Things I have noticed that may need to be addressed. 
The main blade does swivel a little bit on the bolt that retains it. I don't know if this designed like this or if I am just anal, but the main blade does swivel a little bit on the ferrule, does not seem to effect accuracy or flight. The color is good, but I would like black. And they are a tiny bit noisy in flight. 

I was using a new back tension release aid in the videos so my consistency and accuracy is not what it usually is, so keep that in mind. and it was a bit windy. I tried to get the arrow flight in the video as good as I could but I have my Iphone hooked up to spotting scope (via phone skope) so that is as good as i can do. Yardages are 70-80-90. I will try to get some coconuts to shoot later this week and see how it goes. 

Let me know what you guys think!


----------



## Top_Pin_Archery (Feb 16, 2012)




----------



## Top_Pin_Archery (Feb 16, 2012)




----------



## P&YREAPER (Oct 14, 2010)

What was your "point of aim" for the broadhead shots, were the hits high, low, left, right?
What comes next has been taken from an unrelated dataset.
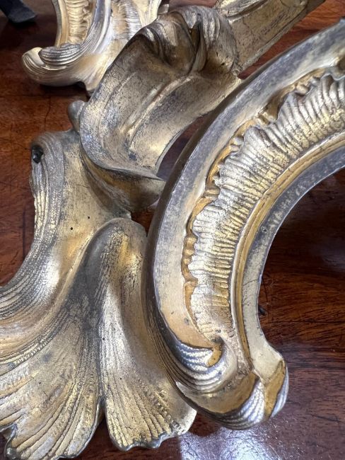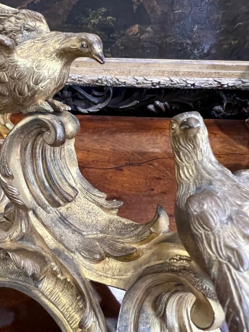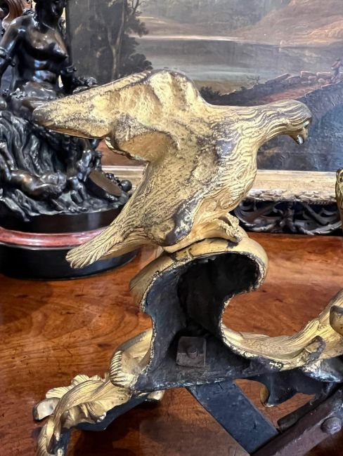 A PAIR OF MID 18TH CENTURY LOUIS XV ORMOLU CHENETScirca 1760, the gilt bronze andirons in the Rococo style, decorated with birds resting on acanthus and C scrolls, the doves feathers finely chased, the iron supports to the reverse,22cm high (2)

Not bad shooting overall for the distance, flight looked good to me from the video. Do people honestly shoot that far at deer? I've personally killed a lot of them, and never had to shoot over 35, majority under 20 yards. I have heard of people shooting 60-70 on elk and moose, but they are a lot bigger target.


----------



## upserman (Oct 13, 2006)

Have a pic of the head?????


----------



## P&YREAPER (Oct 14, 2010)

upserman said:


> Have a pic of the head?????


http://www.archerytalk.com/vb/showthread.php?t=2108098


----------



## Top_Pin_Archery (Feb 16, 2012)

P&YREAPER said:


> What was your "point of aim" for the broadhead shots, were the hits high, low, left, right? Not bad shooting overall for the distance, flight looked good to me from the video. Do people honestly shoot that far at deer? I've personally killed a lot of them, and never had to shoot over 35, majority under 20 yards. I have heard of people shooting 60-70 on elk and moose, but they are a lot bigger target.





upserman said:


> Have a pic of the head?????


will get a picture of them right now, and here in MT there are some long shot op portunities... 90? not for this guy, 80 is as far as i will shoot at an animal. Shot my elk at 80 this year. But practicing at 90 and 100 sure does make a 60 yard shot feel better


----------



## Top_Pin_Archery (Feb 16, 2012)

The heads I their packaging. 








Penetration through block from 50 yards 









For what it's worth they really do fly well. Twy are being shot from an Insanity CPXL with a 31" draw. 426 grain arrow at 319 fps.


----------



## Top_Pin_Archery (Feb 16, 2012)

Khunter said:


> Can't wait to hear how they flew, or see the video. Were they as forgiving as some of the smaller heads?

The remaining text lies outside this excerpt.